Le séisme a appauvri des ménages déjà vulnérables
Le séisme qui a perturbé la vie de la famille Favot est de magnitude 7,2 qui a frappé la région du sud-ouest d'Haïti le 14 août 2021, laissant des milliers de personnes dans le besoin de nourriture, d'eau, d'assainissement, d'hygiène et d'abris. Selon les données officielles, le séisme a touché 800 000 personnes, dont 340 000 enfants, fait plus de 2 200 morts et 12 700 blessés. Il a aussi endommagé ou détruit 115 000 habitations, 97 institutions sanitaires et 1 250 écoles dans les départements du Sud, des Nippes et de la Grand'Anse.
Beaucoup de familles déjà vulnérables se sont appauvri davantage, et certaines d’entre elles ont été ciblées par un programme de transfert monétaire mis en œuvre par l’UNICEF et son partenaire l’ONG Care International. Dans ses souvenirs, Favot entend encore son téléphone sonner que le transfert est arrivé.
« J'ai reçu la notification alors que je travaillais dans mon jardin. Quand j'ai entendu le téléphone sonner « bling !», j'ai vérifié le solde de mon compte, je venais de recevoir de l'argent sur mon téléphone ! J'étais tellement heureux ! », raconte-t-il.

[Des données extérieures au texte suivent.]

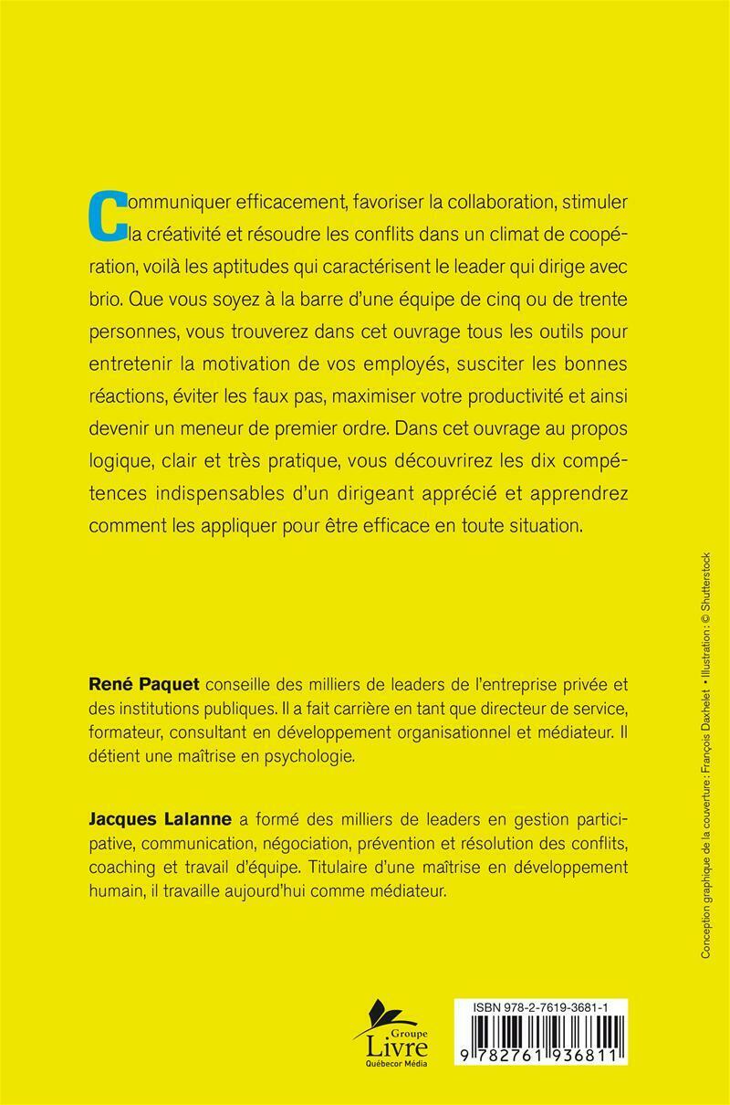 Communiquer efficacement, favoriser la collaboration, stimuler la créativité et résoudre les conflits dans un climat de coopération, voilà les aptitudes qui caractérisent le leader qui dirige avec brio. Que vous soyez à la barre d'une équipe de cinq ou de trente personnes, vous trouverez dans cet ouvrage tous les outils pour entretenir la motivation de vos employés, susciter les bonnes réactions, éviter les faux pas, maximiser votre productivité et ainsi devenir un meneur de premier ordre. Dans cet ouvrage au propos logique, clair et très pratique, vous découvrirez les dix compétences indispensables d'un dirigeant apprécié et apprendrez comment les appliquer pour être efficace en toute situation.

Grâce aux fonds Partenariat mondial pour l'éducation (GPE) et le Fonds fiduciaire multipartenaires (MPTF) des Nations unies pour la lutte contre la COVID-19, l'UNICEF a fourni des revenus supplémentaires à 1.000 familles vulnérables durement touchés par le tremblement de terre dans le sud-ouest d’Haiti, par le biais de transferts monétaires à usages multiples, afin de les aider à accéder aux services de base.
Un père responsable
Dès qu’il a reçu le cash, Favot s’est empressé de payer les frais scolaires et médicaux de ses enfants. « Je devais de l'argent pour les frais de scolarité de mes enfants. J'ai pu en payer une partie pour qu'ils puissent continuer à aller à l'école. Mais ils étaient aussi touchés par une fièvre typhoïde et le paludisme. Alors, j'ai utilisé ce qui restait pour les emmener à la clinique ».

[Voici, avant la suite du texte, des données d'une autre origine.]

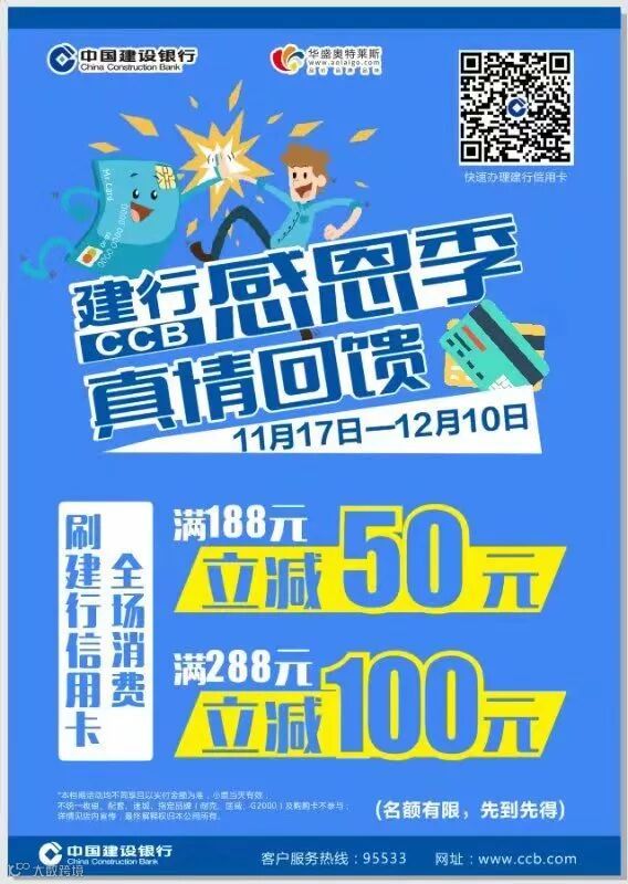 建行感恩季!即日起到南宁华南城华盛奥特莱斯购物刷建行信用卡满288元立减100元!

Favot est un père responsable qui a su utiliser l’assistance financière qu’il a reçue à bon escient, en priorisant l’accès aux droits de ses enfants, et s’employer à rétablir le bien-être familial. Il a des ambitions encore plus grandes de se mettre en coopérative avec ses voisins agriculteurs et produire plus, pour gagner plus. Dolcat quant à elle, caresse le rêve de faire au moins trois métiers après ses études.
« J'aimerais devenir agronome, puis étudier pour être infirmière. J'aimerais aussi être enseignante », dit-elle.